Work to be completed
Please print exactly the lines below, from the start of the material up to and including the line with "Bougie de chauffe-plat", but none of the pictures.

Input data
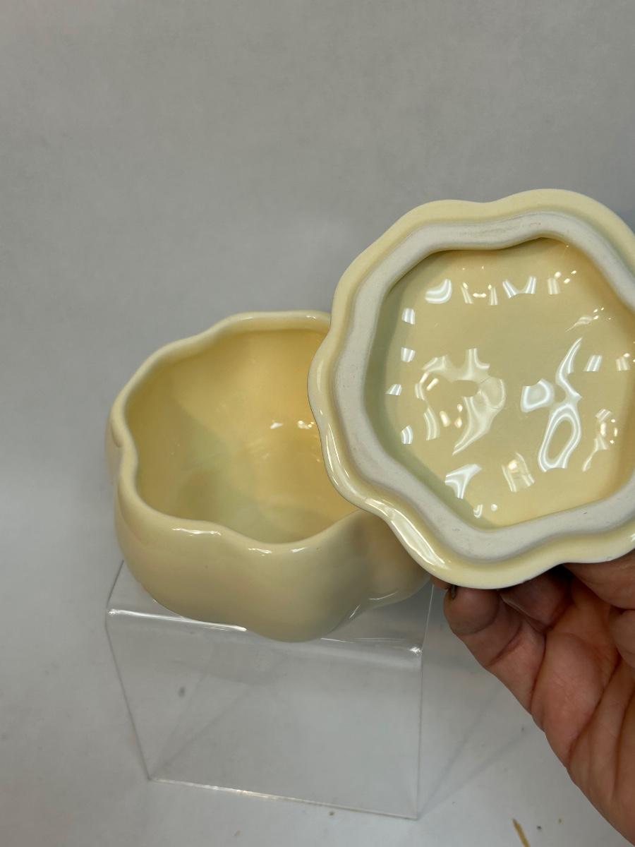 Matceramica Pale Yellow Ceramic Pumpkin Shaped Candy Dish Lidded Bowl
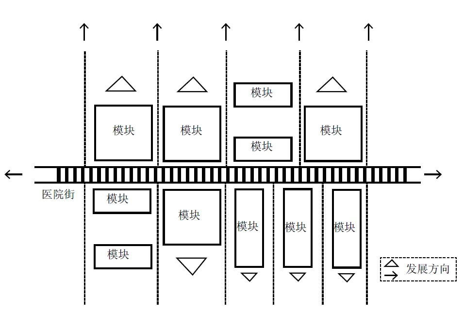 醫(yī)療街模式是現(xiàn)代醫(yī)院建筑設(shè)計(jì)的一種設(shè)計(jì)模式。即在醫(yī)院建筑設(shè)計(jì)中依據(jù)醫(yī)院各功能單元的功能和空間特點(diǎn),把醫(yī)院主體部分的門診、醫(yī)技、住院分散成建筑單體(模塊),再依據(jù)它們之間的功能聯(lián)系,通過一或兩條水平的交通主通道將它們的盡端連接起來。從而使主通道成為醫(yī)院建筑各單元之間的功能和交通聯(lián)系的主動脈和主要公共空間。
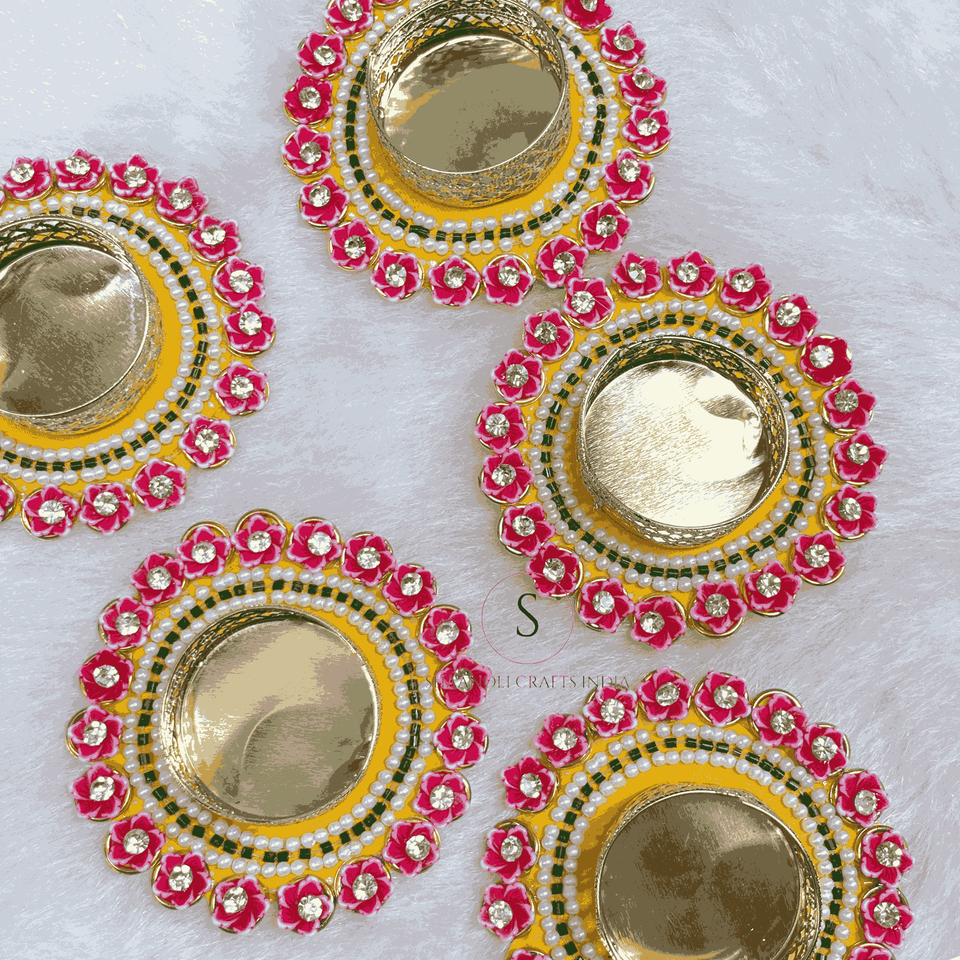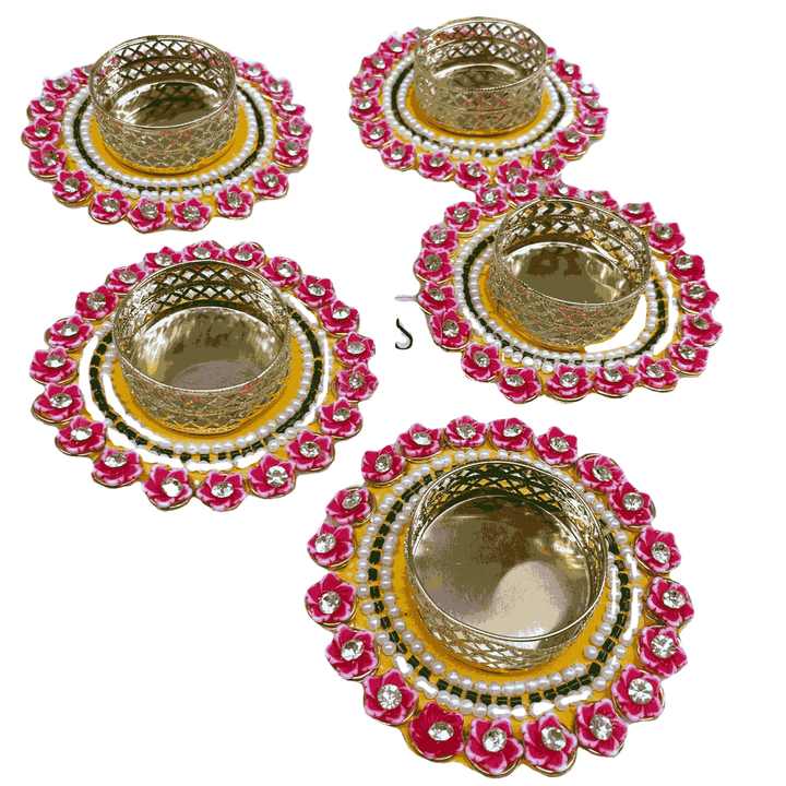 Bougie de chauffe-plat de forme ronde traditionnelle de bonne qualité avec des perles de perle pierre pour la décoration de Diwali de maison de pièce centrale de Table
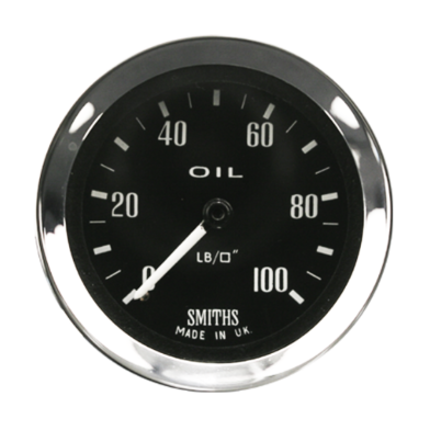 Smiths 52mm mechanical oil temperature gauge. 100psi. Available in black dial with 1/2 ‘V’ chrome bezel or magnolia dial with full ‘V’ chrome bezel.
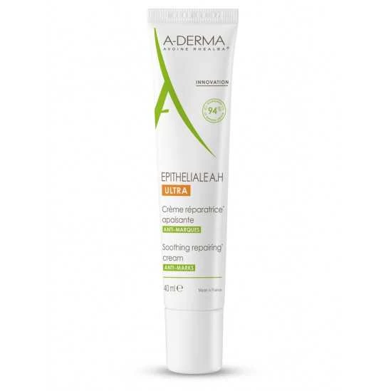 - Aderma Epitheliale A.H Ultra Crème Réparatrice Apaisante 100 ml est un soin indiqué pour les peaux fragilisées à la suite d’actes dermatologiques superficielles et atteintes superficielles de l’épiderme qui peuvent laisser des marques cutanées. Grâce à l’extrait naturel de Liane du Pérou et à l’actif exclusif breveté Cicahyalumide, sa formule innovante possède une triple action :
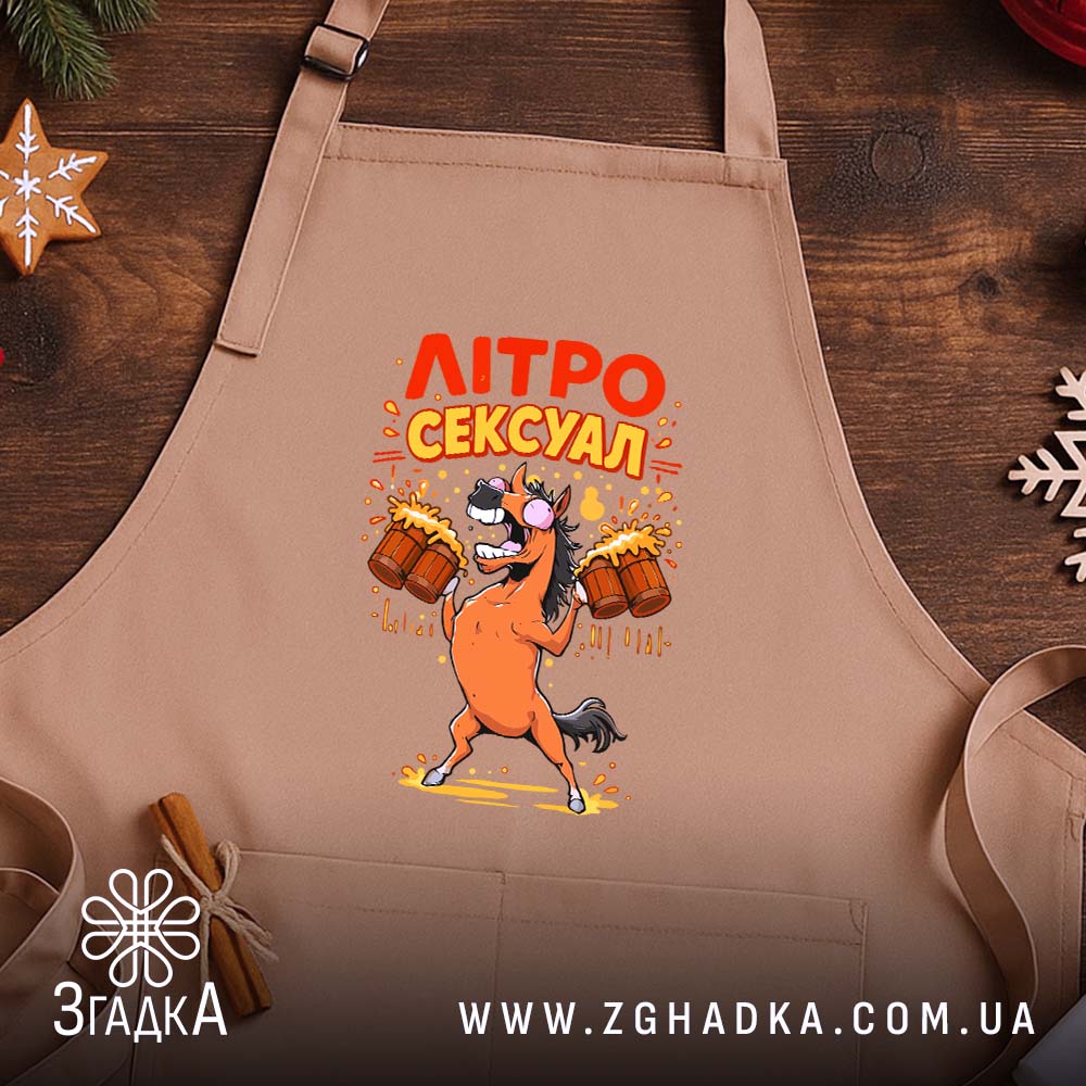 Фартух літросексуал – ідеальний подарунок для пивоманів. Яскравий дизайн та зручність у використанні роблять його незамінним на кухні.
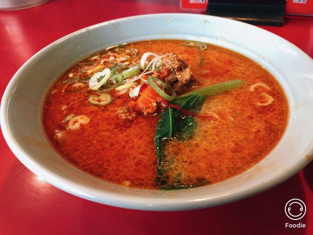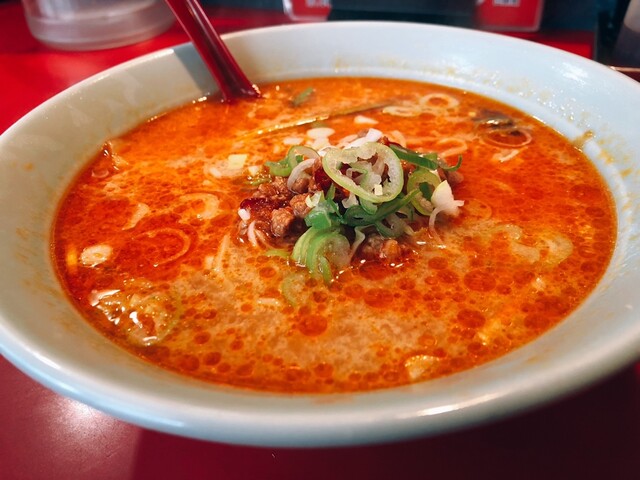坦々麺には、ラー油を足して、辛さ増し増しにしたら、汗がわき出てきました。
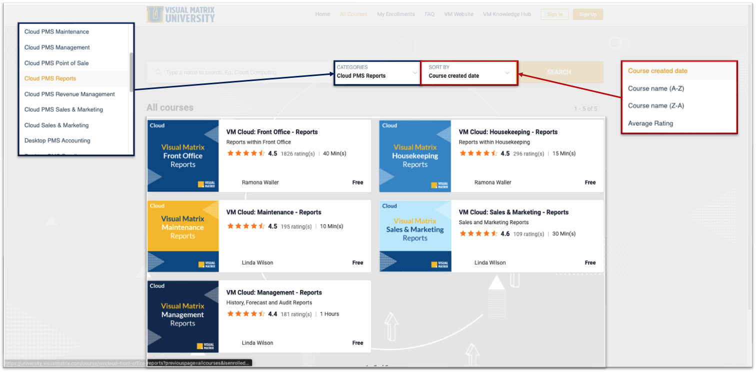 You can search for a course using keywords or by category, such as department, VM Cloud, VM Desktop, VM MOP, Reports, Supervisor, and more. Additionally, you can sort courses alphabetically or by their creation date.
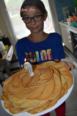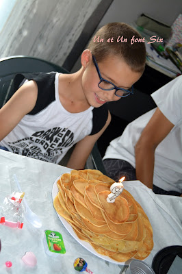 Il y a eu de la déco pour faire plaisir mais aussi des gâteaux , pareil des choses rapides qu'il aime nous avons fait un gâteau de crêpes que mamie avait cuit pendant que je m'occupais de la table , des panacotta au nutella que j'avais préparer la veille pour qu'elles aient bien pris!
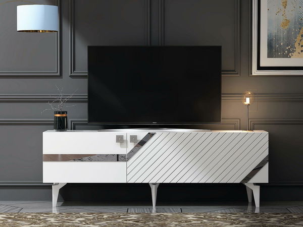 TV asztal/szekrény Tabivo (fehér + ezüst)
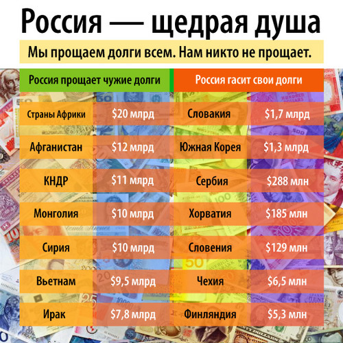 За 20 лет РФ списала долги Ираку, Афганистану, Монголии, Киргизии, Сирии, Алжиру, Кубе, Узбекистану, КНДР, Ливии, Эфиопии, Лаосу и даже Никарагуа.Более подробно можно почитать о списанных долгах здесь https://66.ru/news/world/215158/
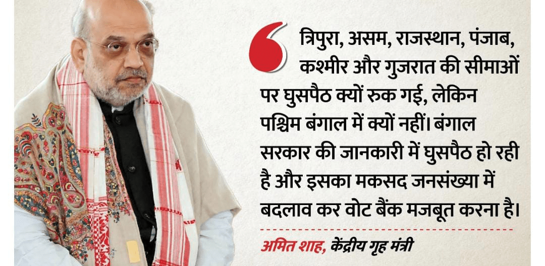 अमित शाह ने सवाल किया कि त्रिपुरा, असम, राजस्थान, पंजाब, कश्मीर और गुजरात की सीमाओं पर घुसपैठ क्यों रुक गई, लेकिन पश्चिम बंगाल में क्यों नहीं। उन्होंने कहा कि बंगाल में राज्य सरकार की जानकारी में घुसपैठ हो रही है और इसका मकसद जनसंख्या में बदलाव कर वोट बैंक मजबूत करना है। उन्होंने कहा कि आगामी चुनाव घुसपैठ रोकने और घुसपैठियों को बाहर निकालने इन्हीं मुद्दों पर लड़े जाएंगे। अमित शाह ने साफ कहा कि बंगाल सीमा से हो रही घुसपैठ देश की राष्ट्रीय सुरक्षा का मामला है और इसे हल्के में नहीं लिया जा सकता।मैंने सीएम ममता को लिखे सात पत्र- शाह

Answer to this exercise
 Matceramica Pale Yellow Ceramic Pumpkin Shaped Candy Dish Lidded Bowl
 醫(yī)療街模式是現(xiàn)代醫(yī)院建筑設(shè)計(jì)的一種設(shè)計(jì)模式。即在醫(yī)院建筑設(shè)計(jì)中依據(jù)醫(yī)院各功能單元的功能和空間特點(diǎn),把醫(yī)院主體部分的門診、醫(yī)技、住院分散成建筑單體(模塊),再依據(jù)它們之間的功能聯(lián)系,通過一或兩條水平的交通主通道將它們的盡端連接起來。從而使主通道成為醫(yī)院建筑各單元之間的功能和交通聯(lián)系的主動脈和主要公共空間。
 Bougie de chauffe-plat de forme ronde traditionnelle de bonne qualité avec des perles de perle pierre pour la décoration de Diwali de maison de pièce centrale de Table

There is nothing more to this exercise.